The reason I bring up HLS is because it might actually afford the best
hope -- better than the HTML5 <video> tag -- for a cross-platform
video standard that can still handle DRM for those rights-holders who
insist on it.  Section 6.2.3 of the spec indicates how a stream may be
encrypted with a decryption key available via a URI to authorized
clients (somewhere, I think the spec also allows for the keys to
change in mid-stream).  My reading of that gives me hope that we can
get away from implementing DRM in the client (an app, a plugin, a
library, whatever), and instead do so in the network.  If my reading
of this is right, an arbitrary platform should be able to participate
in a DRM-ed HTTP Live Stream, provided it succeeds in some sort of
negotiation with the server and is provided with decryption keys.

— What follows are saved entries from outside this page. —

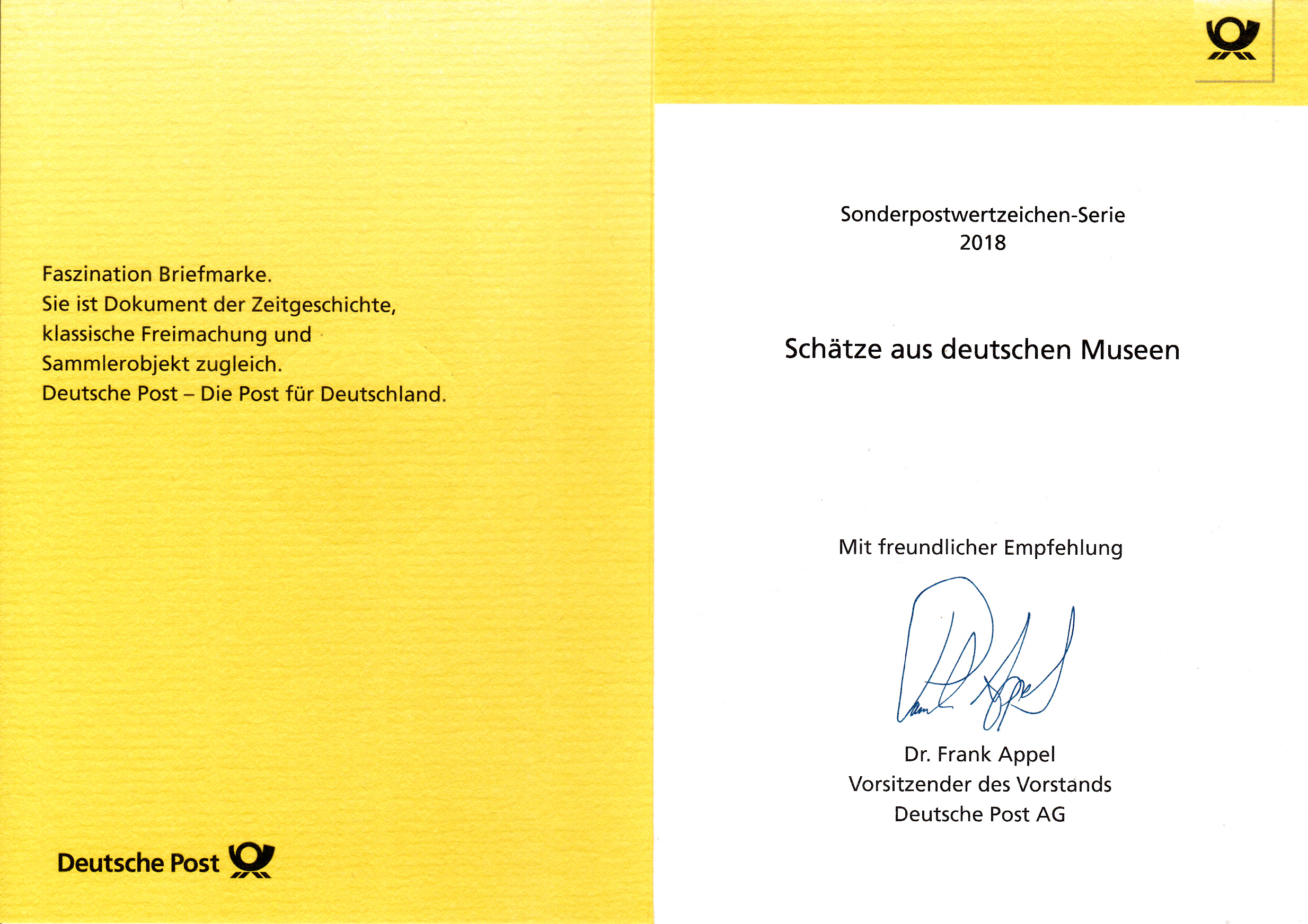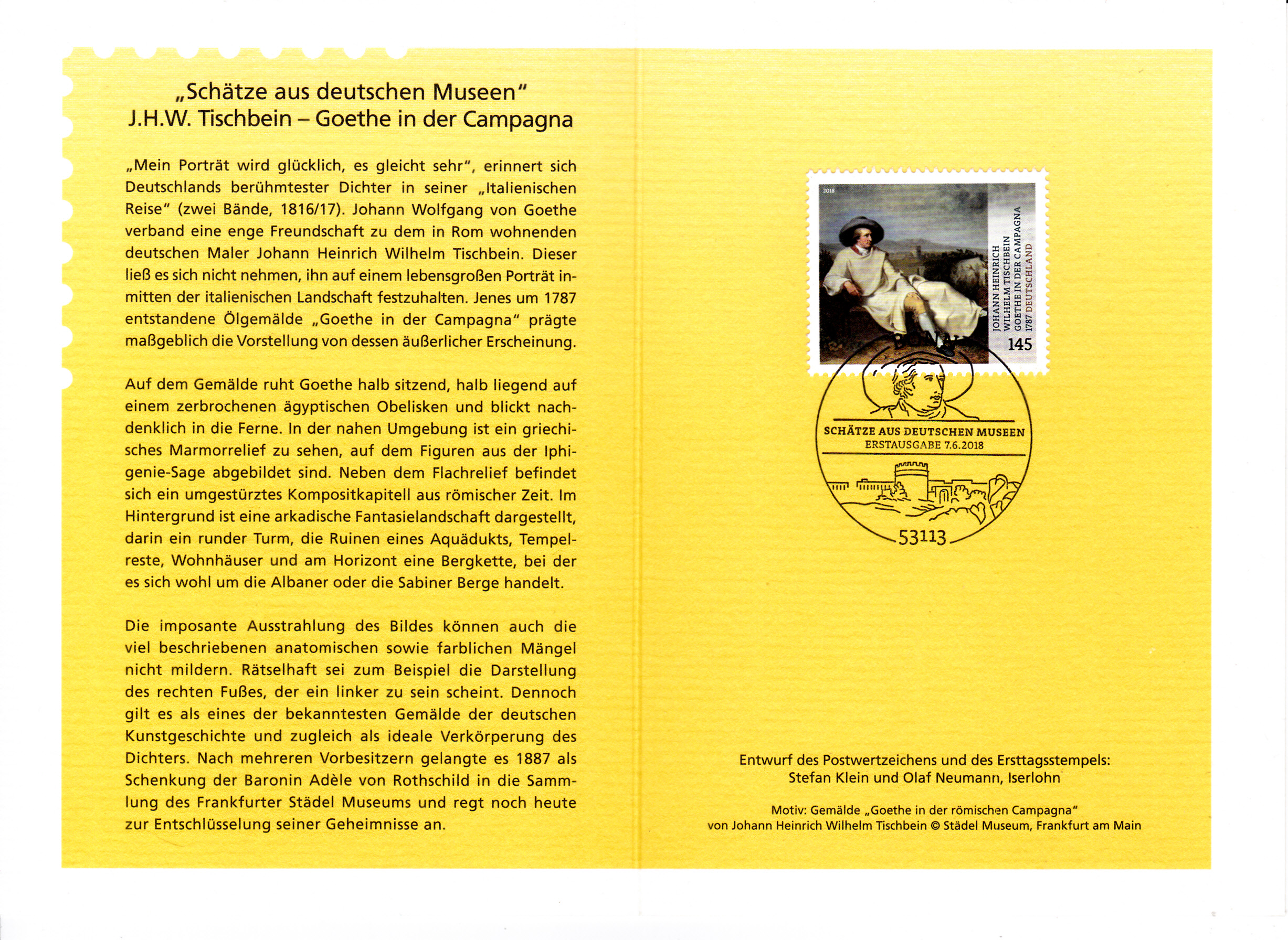 Klappkarte des Vorstandsvorsitzenden der Deutschen Post AG mit der Marke aus der Serie Schätze aus deutschen Museen mit dem Bild "Goethe in der Campagna" nach dem Gemälde von Johann Heinrich Wilhelm Tischbein und dem Ersttagsonderstempel aus Bonn.
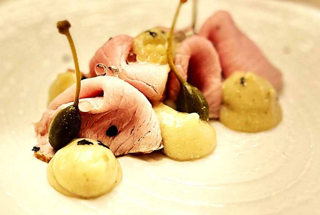 Se in questo locale la scelta di linea è legittimamente orientata in direzione dello street food d’asporto, e si attesta all’interno della categoria delle bracerie (o churrascherie), negli ambienti di Carnivora regna una differente tipologia di atmosfera. Qui il garbo e la cura dei dettagli, proiettati fino a raggiungere il terrazzo che ospita il dehors, vengono arricchiti dalla magnifica cantina sottostante, dotata di numerose importanti etichette nazionali e internazionali. Mentre nei piatti la concretezza e la veracità dei sapori si coniugano perfettamente con l’eleganza delle preparazioni e delle presentazioni. Si può quindi iniziare con la fresca e delicata tartare di fassona con burrata, pomodori gialli e pistacchi in due consistenze (crema e granella); oppure con il ghiotto hamburger di wagyu su pane biscottato al burro salato, con cicorie e maionese all’arancia. Per poi procedere con i morbidi e voluttuosi sentori dei tortelli al parmigiano con fassona tritata e caviale di tartufo nero. Imperdibili, tra i secondi, due piccoli capolavori resi tali dal sapiente dosaggio delle note acide, e dalla straordinaria leggerezza delle esecuzioni. Si tratta del vitello tonnato con sale nero, perle di yuzu e fior di cappero; e del filetto di fassona con salsa al porto e crema di cipolle.
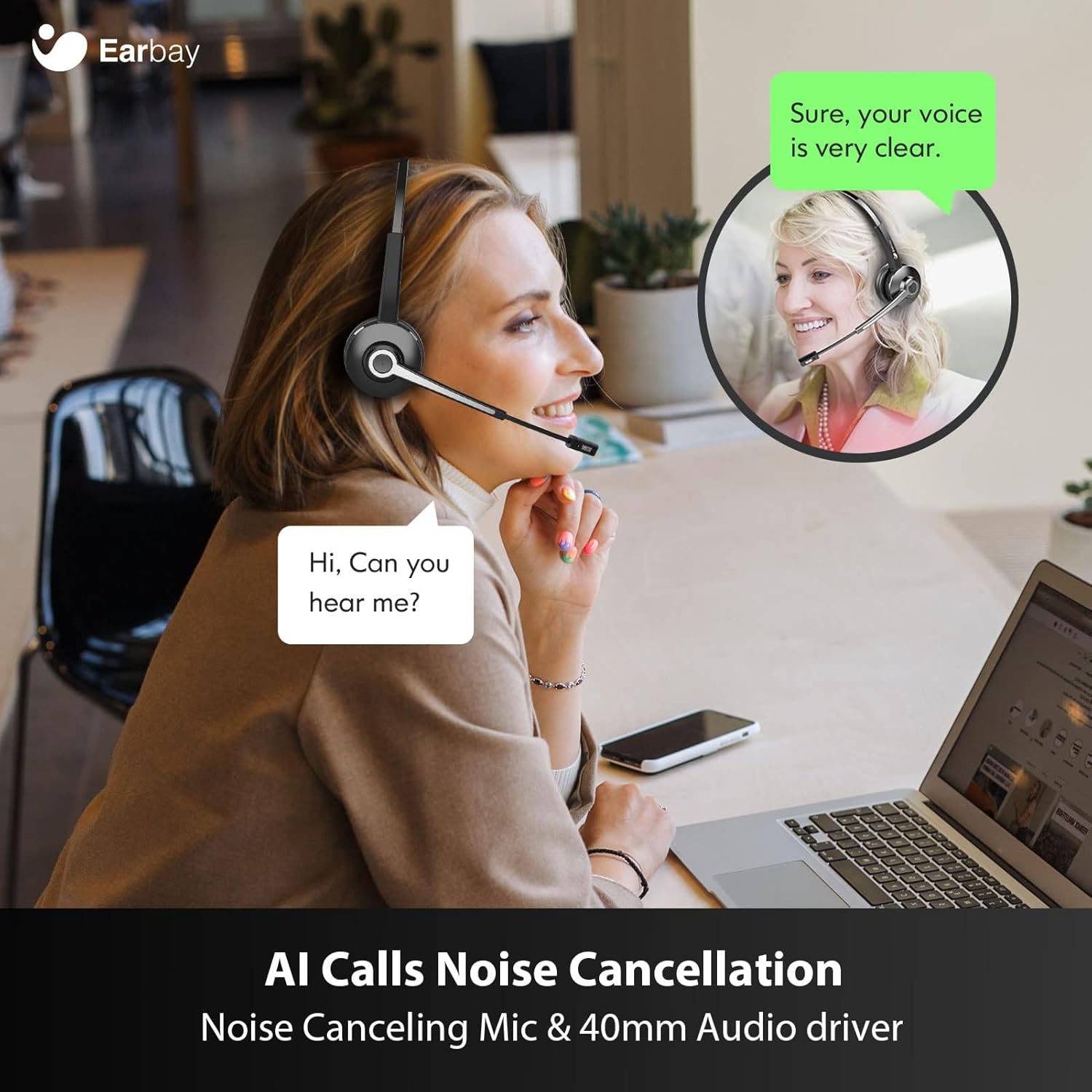 - 【Intuitive Mic Mute & Controls】Easily mute the microphone or adjust volume during calls (Skype, Zoom, Teams) with dedicated controls of the wireless headset with mic for work. Designed for efficiency in professional and personal communication.

Also, despite the name, HTTP Live Streaming is not only for live
events or streams of unknown length; the spec is also clear about how
you'd segment a distinct media file into a playlist and make that
available to clients.  So in that sense, it could potentially offer a
direct replacement for the <video> tag, and also provide DRM, meaning
that big-money rights-holders would actually use it.  What's not clear
is whether it will get any traction outside of the Apple sphere of
influence.

Anyways, brain-dump over.  Suffice to say that neither H.264, nor the
HTML5 video tag, is the end of the story.